Dancing Girl of Moenjodaro

Habib Khan, Quetta: When I was in the first year of Engineering we used to live in a secluded hostel where our spare time was mostly spent chatting in each others rooms fostering good relationship between boys from different parts of the country.

Irfan Brohi was from Hyderabad with ancestral roots from “Kanak” in Balochistan, and belonged to the “Rodeni” tribe of the Brahvi’s.

Even though he didn’t speak any Brahvi or Balochi but he soon developed good relationship with the boys from Balochistan, and one day we were delighted when Irfan invited us to visit his home in Hyderabad and talk to his father who spoke fluent Brahvi.

Apart from meeting Irfan’s father, I still vividly remember the delicious parathas made by his mother and the laughter we shared while reading from a joke book.

However, after lunch, Irfan took us to a movie based on the story of a woman who ran a brothel, renounced her sinful ways, and planned to lead a pious life. But when faced with defending the honor of a helpless woman, she brandished a gun and shouted the film’s final dialogue,

“Aik gunah aur sahi”
(Just one more sin)
–also the title of the film.

For me, the movie’s highlight was a song partly picturized in the ruins of Moenjodaro, “Aa dekh Mohenjo-Daro main ye bigri hui tasweer meri” (Come and witness in Moenjodaro this distorted picture of mine).
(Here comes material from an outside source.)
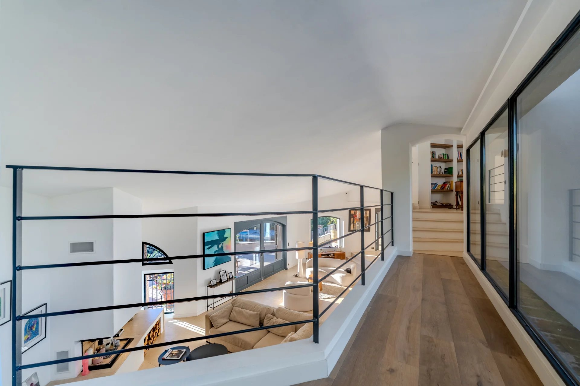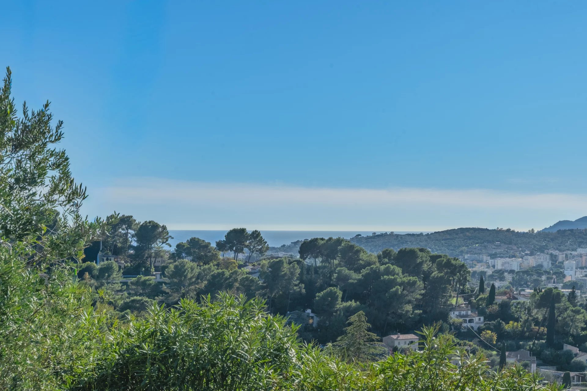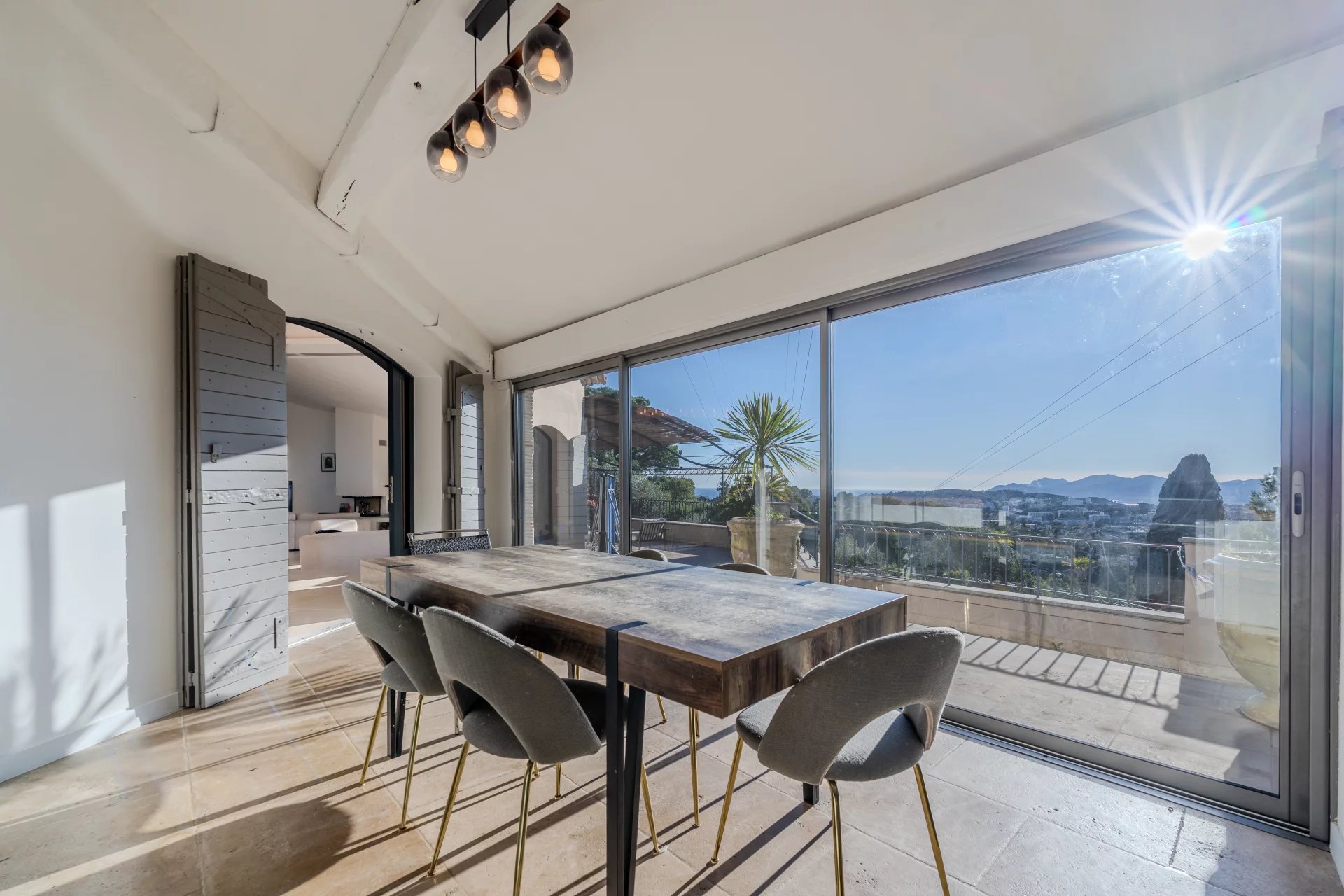 Exceptional, fully renovated villa located in one of Mougins’ most sought-after areas, close to the Etang de Mougins, with breathtaking views of the sea and the Esterel massif. Built of Portuguese stone, this sumptuous property comprises a first floor, a garden level and an upper floor.

The camera focused on what I later learnt was the iconic “Dancing Girl of Moenjodaro”. Although I don’t know the song writer, it poignantly captured the misery of women from prehistoric times to the present day.
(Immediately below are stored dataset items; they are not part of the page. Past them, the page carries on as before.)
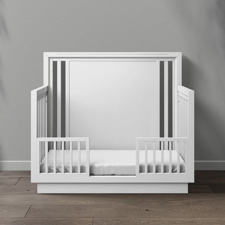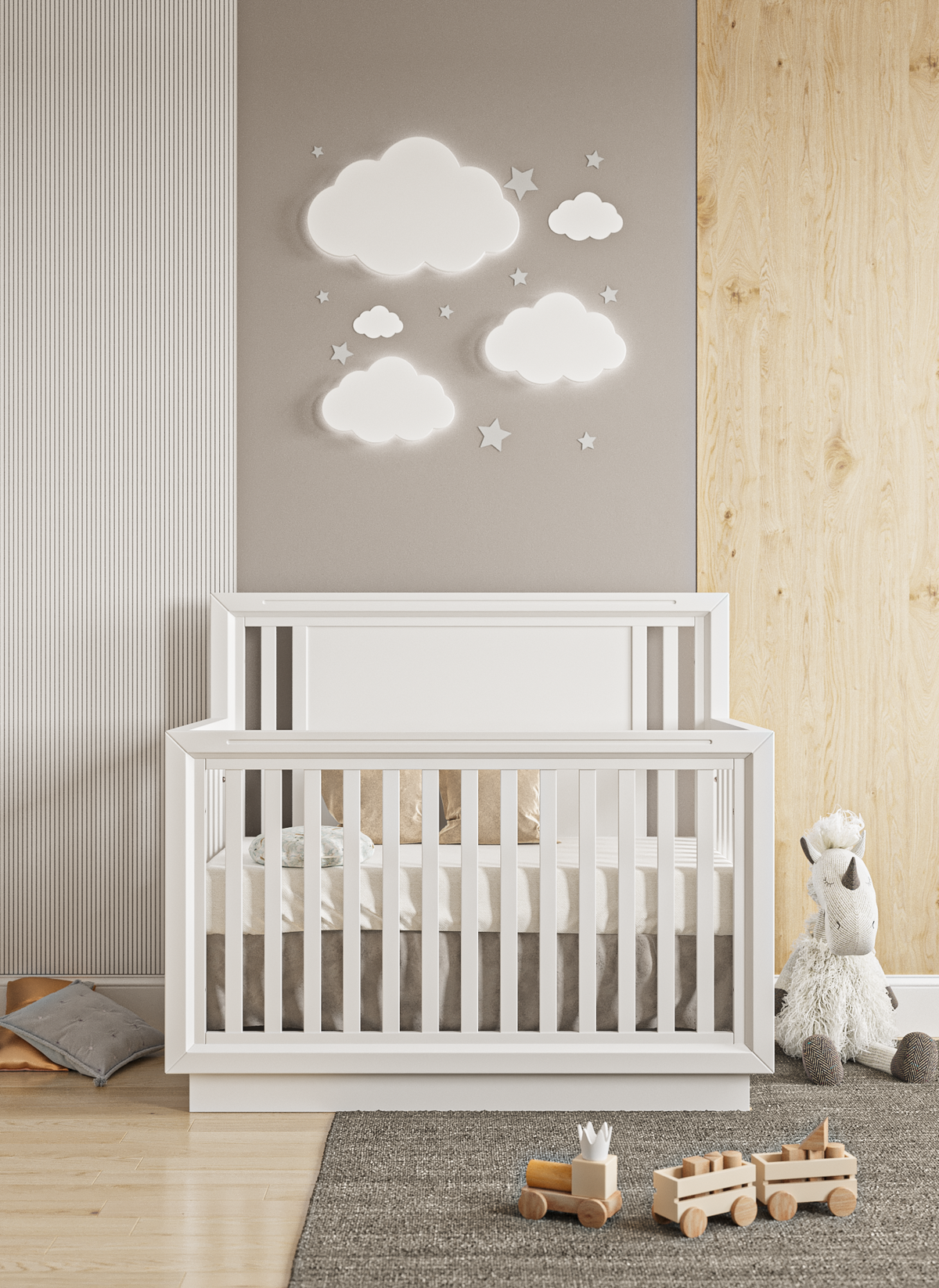 Quadro Convertible Crib exceeds the most exigent safety standard and design expectations. Sculpted in solid hardwood and finished with our signature organic paints this crib converts to a Day bed, Toddler bed and full size bed. For convenience and functionality, three mattress height settings ensure easy access. This collection is available in 8 remarkable finishes.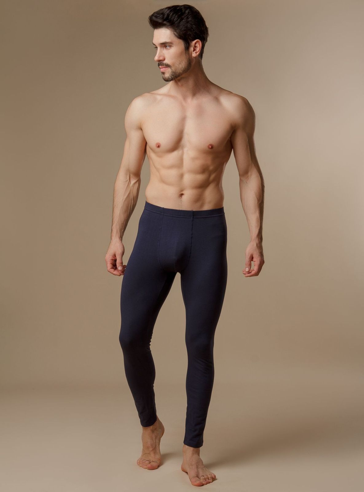 Мужские кальсоны торговой марки Индефини. Кальсоны из хлопка, синего цвета, на мягкой резинке, в классическом стиле.
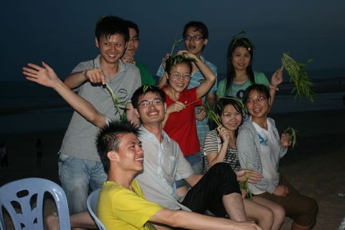 眾人忙著準備燒烤材料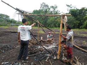 – Aparat satpol PP Kabupaten Lumajang membakar gubung tempat istirahat penambang pasir tradisional.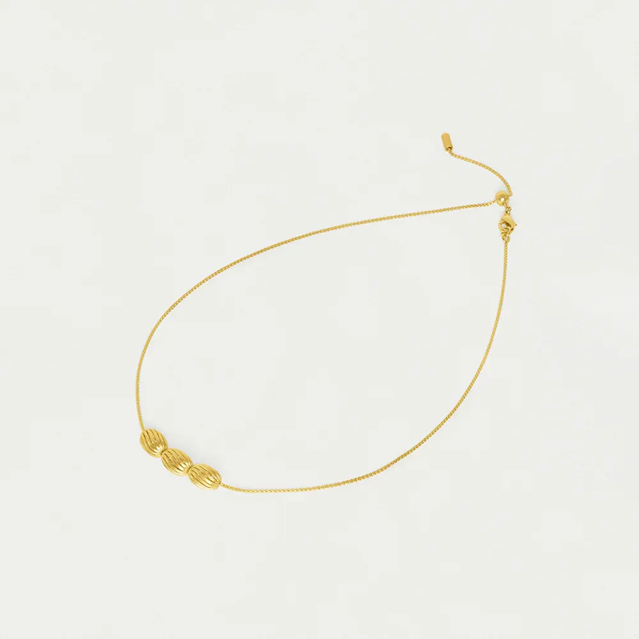 YOUR NECK IS SO ELEGANT (AND MINI)! Rounded macramé-inspired beads hang from a delicate chain for an eye-catching piece that works on its own or layered with your fave necklaces. Metal: DD Signature Brushed Gold Plated Over High-Quality Brass. Length: 14" - 19" (adjustable)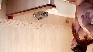 My neighbor is surprised in my shower with the fine blowjob

Impressed by the song, I wanted to see the Dancing Girl at Moenjodaro, but life’s struggles kept me away for 40 years.

Finally, in February 2015, we four of us from Merck planned the long-awaited trip to Moenjodaro. At the site, I sadly learned that the Dancing Girl was only a replica; the original, only 10 cm tall, is displayed at the New Delhi museum.

I was also surprised to find that the entrance fee was just Rupees 20, but the gatekeeper didn’t even issue tickets, so not even that small amount reached the authorities. Furthermore, I discovered that thieves from a neighboring village had stolen most of the artifacts by removing the glass roof panels of the museum.
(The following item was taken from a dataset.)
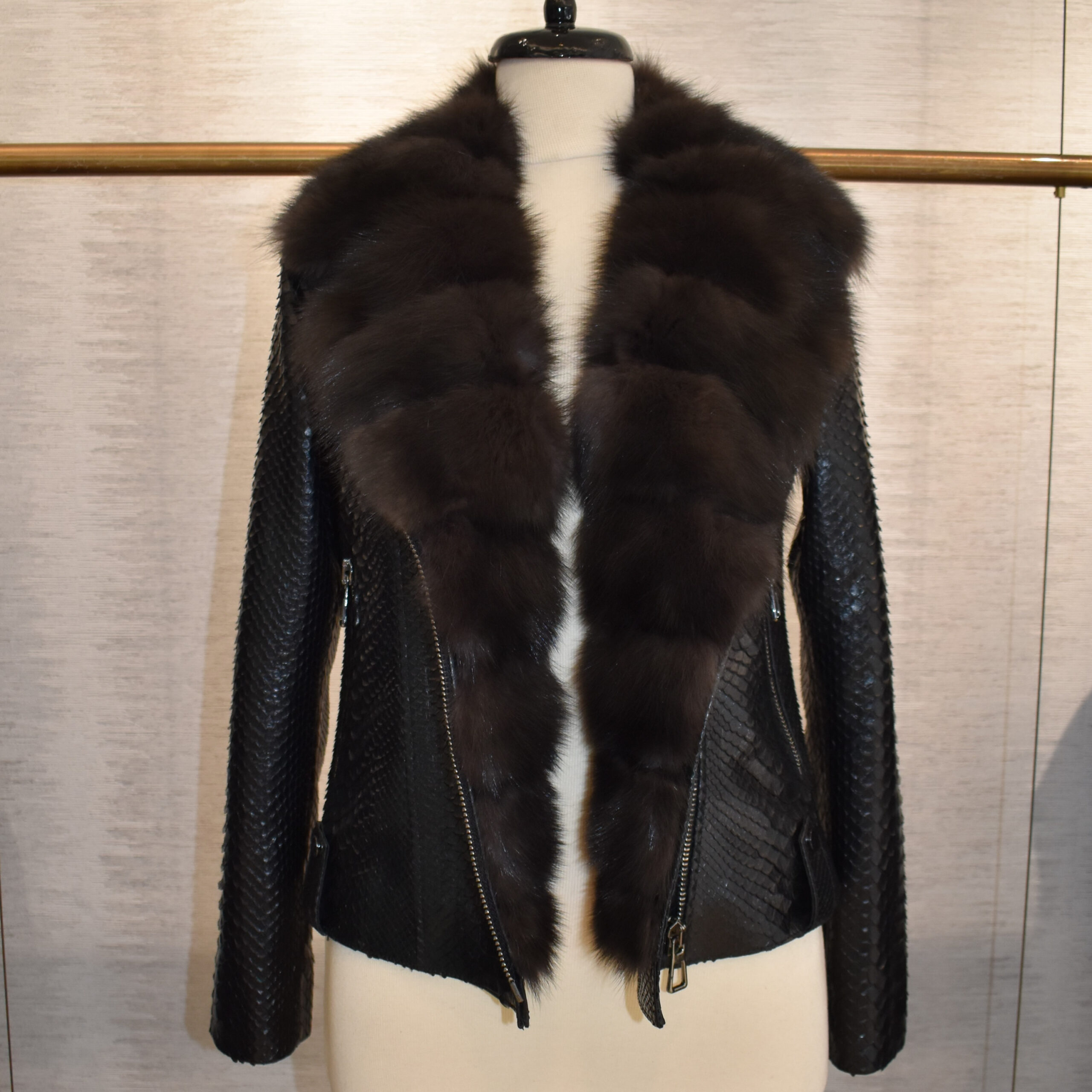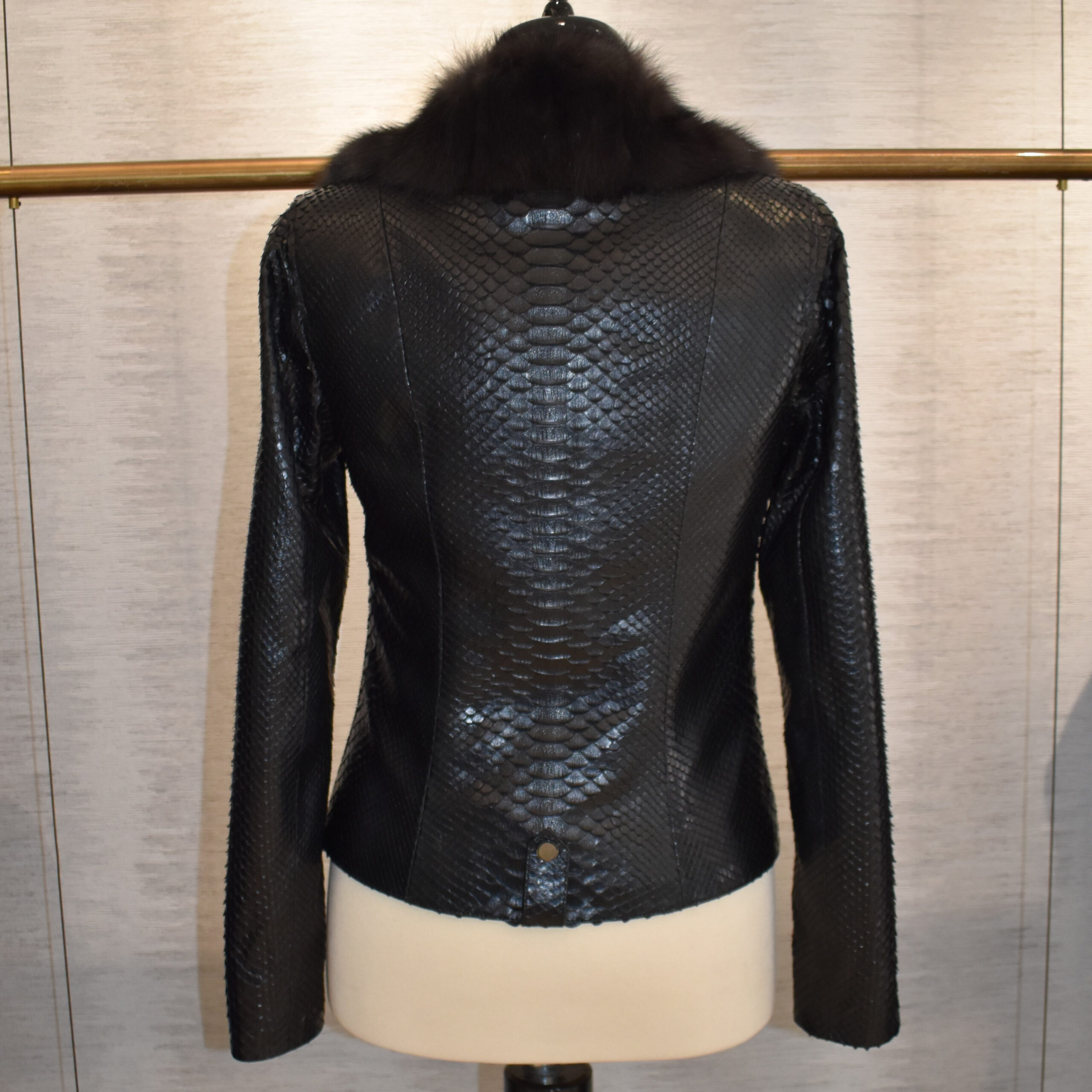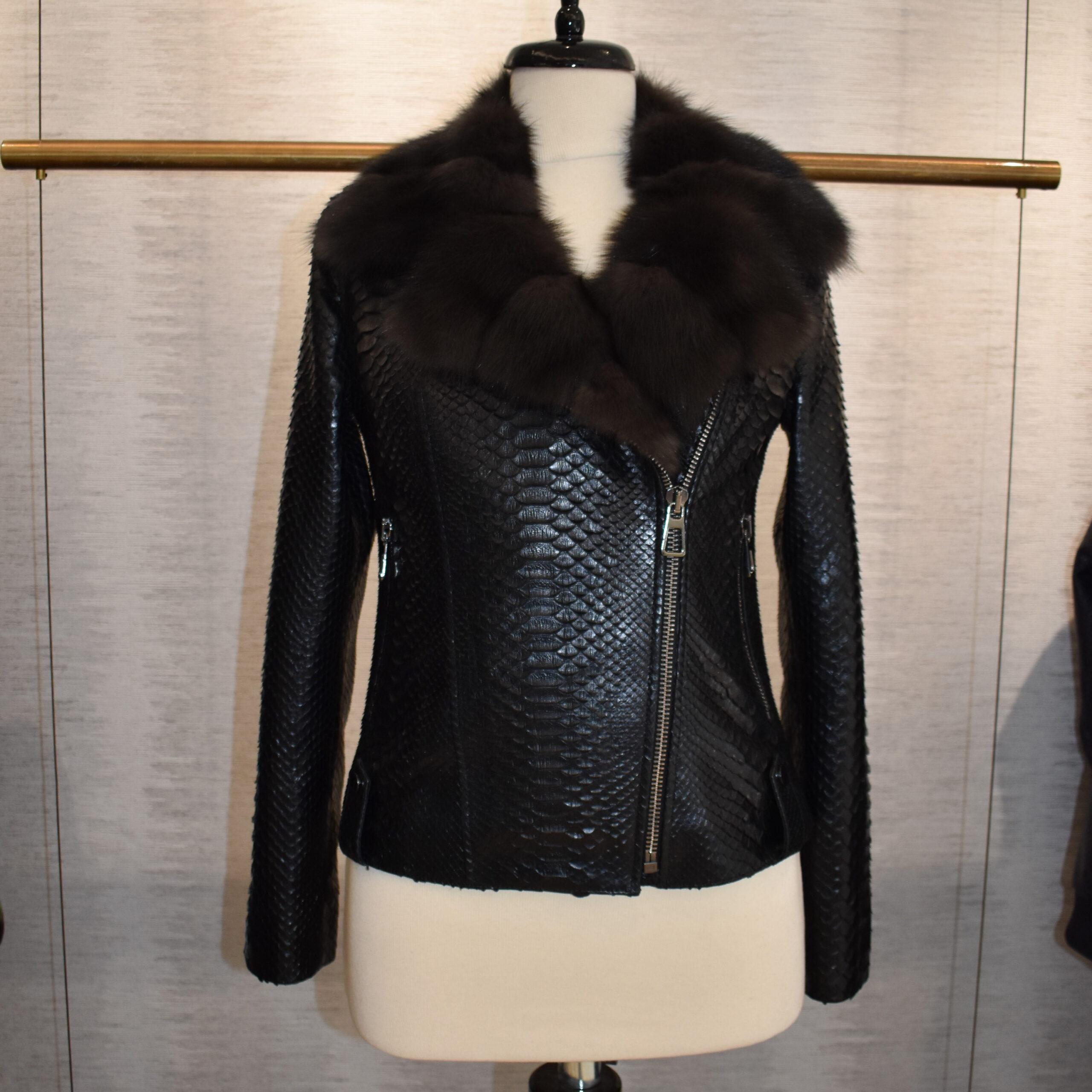 Womens Python Leather Biker Jacket With Sable Fur Trim

Unable to stomach more bad news, I sought a certified guide to learn about Moenjodaro’s real history and excavation, but unfortunately, there were no guides available at the site.

Until one employee offered his services. He took us around the site for the next couple of hours and proved to be exceptionally knowledgeable about archeology. At the end, I gave him Rs. 2,000 as a token of appreciation. However, most of other employees and even my friends complained that he didn’t deserve it since he was already receiving a salary. Interestingly, the employee, after taking my business card, would call me at least once a month until I retired, and every time he would say, “Sir, people like you don’t visit the site often.”

Each time, I would think about it, I would recall Manto’s short story, “Aakhir Rishwat kaam kar gayi” (After all, the bribe did work”).

PS: Sometime back I read that even the Dancing Girl replica has been stolen? Any news about that?